I have a (proprietary, unpostable) kernel which compiles, according to ptxas, with resource usage:
ptxas info : Used 10 registers, 148+16 bytes smem, 16 bytes cmem[1]
When I run this kernel on a GeForce GTX 260 the profiler notes that the kernel uses 10 registers per thread, 16x16 thread blocks and achieves 1.0 occupancy (16384 / 10 = 1636 threads max, I guess runs 1024 threads). It’s fast.
On a GeForce GT 120 the profiler notes similar thread block configuration and occupancy (should be fine, 8192 / 10 = 816 threads, 3x16x16). However, the kernel makes a substantial number of stores (no loads) to local memory, which appear to have a significant effect on performance. On the GTX 260 no local stores are identified by the profiler.

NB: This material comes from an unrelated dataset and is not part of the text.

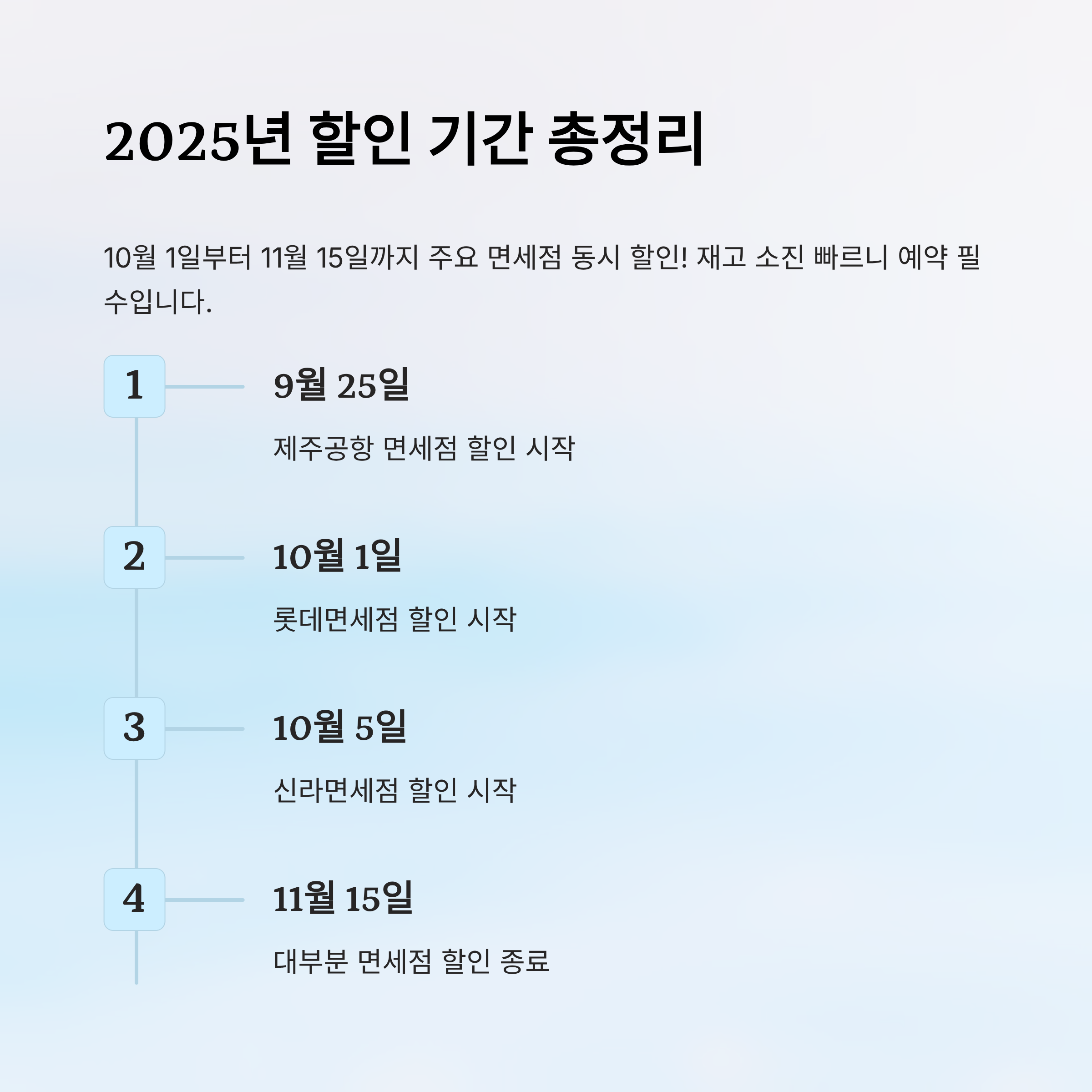 📌 정보 제공 면책 안내: 본 콘텐츠는 2025년 10월 기준 정보를 바탕으로 작성되었으며, 면세점 정책, 할인율, 재고, 행사 내용은 각 면세점 상황에 따라 사전 고지 없이 변경될 수 있어요. 구매 전 반드시 공식 홈페이지 또는 고객센터를 통해 확인하는 것을 추천드려요.

I had assumed that the PTX stage would have identified use of local memory if there would be any. I’m not entirely sure why there is any; the compiler has saved no registers (and does not need to) on this architecture. I stripped the kernel down as far as I could and the local memory usage only stops when the kernel is doing little more than an array copy with address computation.
So… can the PTX → device code stage introduce local memory usage? Would there be any obvious reason for it to? Furthermore, why do I see local memory stores but no loads?